Three of the four assets are 100% leased. The problem is that the fourth — the largest — concentrates 38% of the estate and still has half of the vacant area. It is not diversification that is lacking: it is resolution of a specific asset that weighs.

63%
It is the recipe concentrated in 3 tenants: Leroy Merlin (37%), Daycoval (14%) and Full Sales (12%, the new one). In a portfolio of R$119,3 million PL, losing one of them is DPS event.

The elephant in the room: P/VP 1.15x in a sector at 0.80x

Here's the only thing that matters to anyone who thinks about buying now. PATC11 negotiates R$ 38,35 with equity value of R$ 34,31 — a 12,7% prize in relation to the book itself. In the corporate slabs sector, the average IFIX-Office negotiates at 0.80x VP. PVBI11 It's at 0.87x. RCRB11 in 0.78x. VINO11 under 0.70x. XPCM11 He's got a weaker case and he's negotiating less than half a book.

+44%
It's the PATC11 award on the industry average. The R$38,35 (P/VP 1.15x), you are paying 44% more than the average investor pays in comparable corporate slab funds. That's for a FII with 1,7% DY, still vacancy in 17%, fine reserve and DPS locked 10 months ago.

The argument for the award would need to be robust: exceptional management, irreplicable premium assets, clear recycling pipeline. The VBI country has executed the recent turnaround well, yes — but the portfolio is reasonable, not iconic, and there is no catalyst advertised to change the thesis.

Three scenarios for the unitholder to think coldly

Optimist (25%)
R$0,08-0,10
Sky Corp closes remaining vacancy — DPS up, DY annualizes ~2,4-ZQ1ZQX.
Base (50%)
R$0,05
Stable vacancy in 17%, DPS remains locked, market starts to price like the rest of the industry.
Pessimist (25%)
R$0,03-0,04
Renter leaves (Cetenc in 2028, Daycoval renegotiation) — new cut.

And on the unit, what can happen?

Current quotation (19/05/2026) R$ 38,35
Convergence to P/VP 1.00x (equity value) R$ 34,31 −12,7%
Convergence to P/VP 0.80x (average IFIX-Office) R$ 27,45 −30,2%

Where are the unit 1.700s that came out

From January 2025 to March 2026, PATC11 lost 28% from the unit base — from about 6.100 to 4.407. This flow does not happen in the background with clear thesis and growing PSD. It happens in background whose unit went in waiting for R$0,15/month, saw the dividend drop 67% and realized that management chose to hold rental price instead of speeding up the lease.

The good news is that this base adjustment has probably gone through the worst. The bad news is that what is left tends to be heavy unit, positioned, and that will sell if it appears 5-10% of unit improvement — limiting upside in the short term.

Verdict
Avoid R$ 38,35. The operational turnaround is real — vacancy has fallen in half, reserve burn has stopped — but That's it. At the price. Who buys today pays 1.15x VP (44% above the industry average) for a 1,7% DY and an operational upperside that depends on placing specific 1.345 m2 in Berrini. The asymmetric is all down: convergence to the sector's P/VP implies falling from 12% to 30%, without anything wrong needing to happen in the portfolio. For those who already have, the decision is to either believe in the remaining lease of Sky Corporate (probability ~25% of DPS ZQX1ZX-0,10) or accept the market marking when the multiple converges. There's no comfortable third path.
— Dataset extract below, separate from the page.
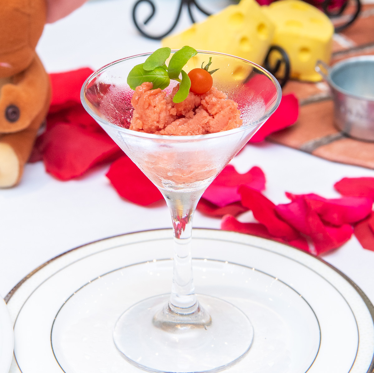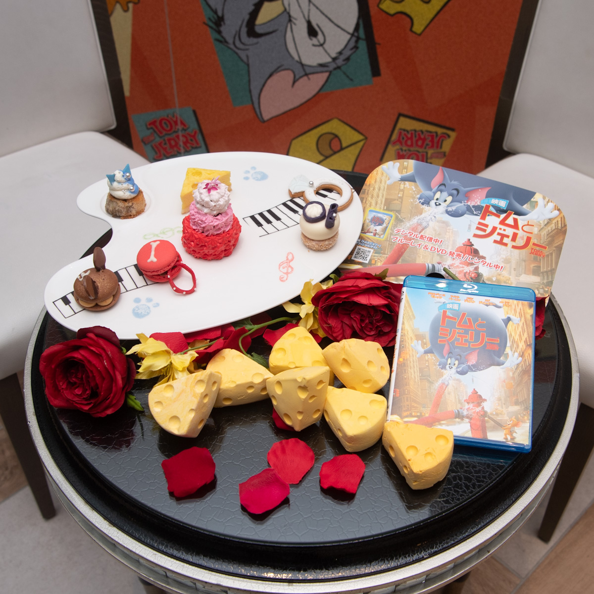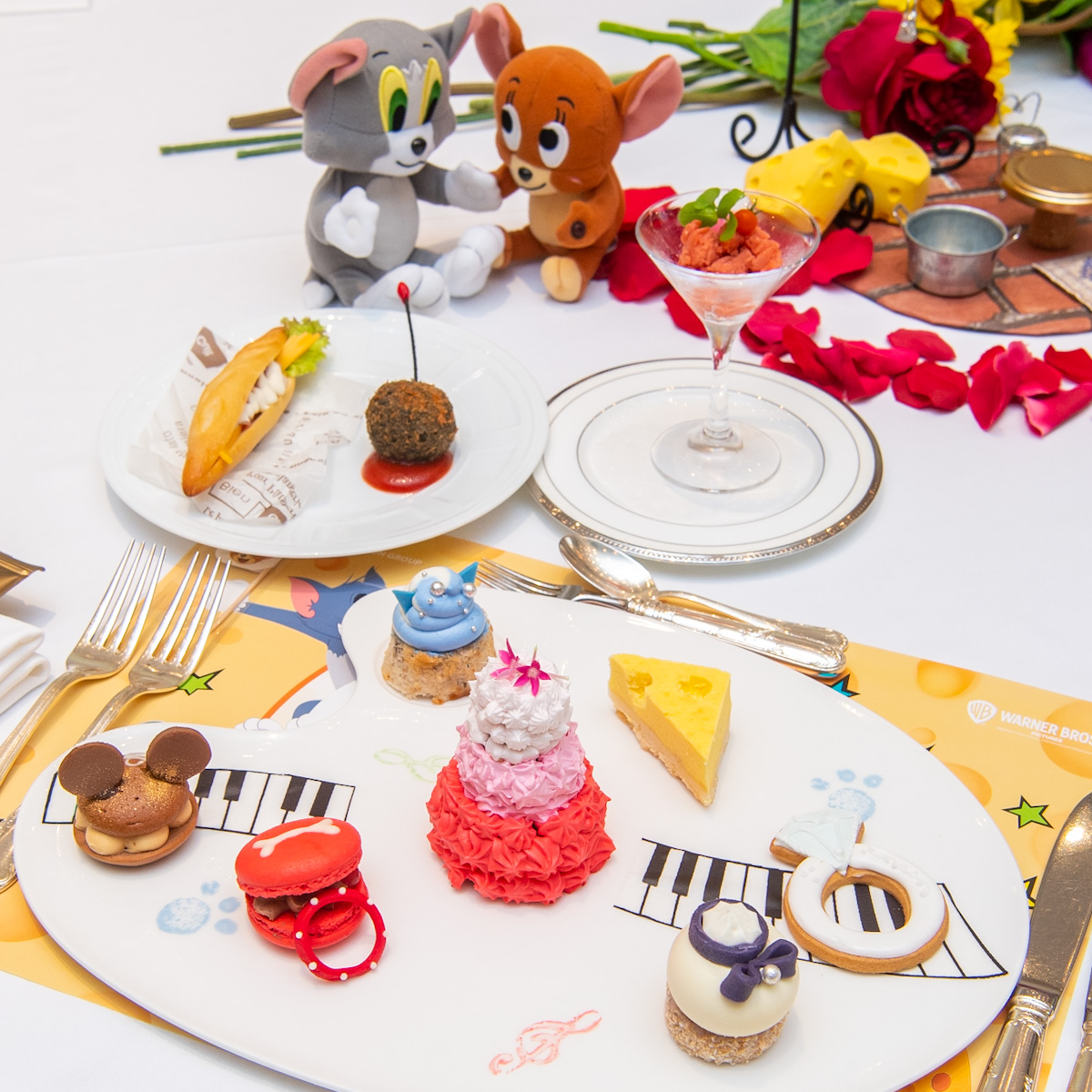 劇中で描かれる “結婚式”をイメージした「幻のウェディングケーキ」や「ダイヤモンドの指輪」、「トム」が奏でるピアノや、「ジェリー」が大好きな穴あきチーズなど、映画の世界観からインスパイアされたスイーツ&セイボリーはすべて、専属パティシエがこのために制作したオリジナルです。

PATC11 is not a bad FII. It's an FII. expensive, in a sector where the 20-30% discount on VP is the rule. Paying 1.15x VP for an operational improvement that still needs to turn dividend is to fund the fund manager's turnaround with his own pocket — and the 10 month history of stopped DPS shows exactly how much management is willing to share this upside with you.
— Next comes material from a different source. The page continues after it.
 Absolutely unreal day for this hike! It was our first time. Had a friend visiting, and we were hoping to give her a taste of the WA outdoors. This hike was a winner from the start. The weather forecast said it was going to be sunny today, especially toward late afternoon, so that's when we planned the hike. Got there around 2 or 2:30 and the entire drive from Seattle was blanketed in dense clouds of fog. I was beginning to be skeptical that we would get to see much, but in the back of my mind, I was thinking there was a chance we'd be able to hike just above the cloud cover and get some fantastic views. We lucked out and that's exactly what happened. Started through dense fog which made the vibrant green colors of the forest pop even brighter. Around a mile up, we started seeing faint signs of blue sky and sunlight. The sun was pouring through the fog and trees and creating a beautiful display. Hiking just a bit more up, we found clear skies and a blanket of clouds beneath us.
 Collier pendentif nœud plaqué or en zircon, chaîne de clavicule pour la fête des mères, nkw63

Sources, validation and disclaimer

Basic document: Apr/2026 (Doc. 1189884, delivered 13/05/2026).

Independent validation: Cross indicators with Status Invest and Funds Explorer in 19/05/2026 (DPS R$0,05, physical vacancy 17,3%, P/VP 1.15x).

Quotation used: R$ 38,35 in 19/05/2026 (base date of analysis).

Disclaimer: Informational and analytical content — does not constitute a recommendation for the purchase, sale or maintenance of assets. Past dividends do not guarantee future dividends. Evaluate your risk tolerance before investing. Background: Country Corporate Buildings FII (CNPJ 35.652.078/0001-50), Country management-VBI, BTG Administration Practical.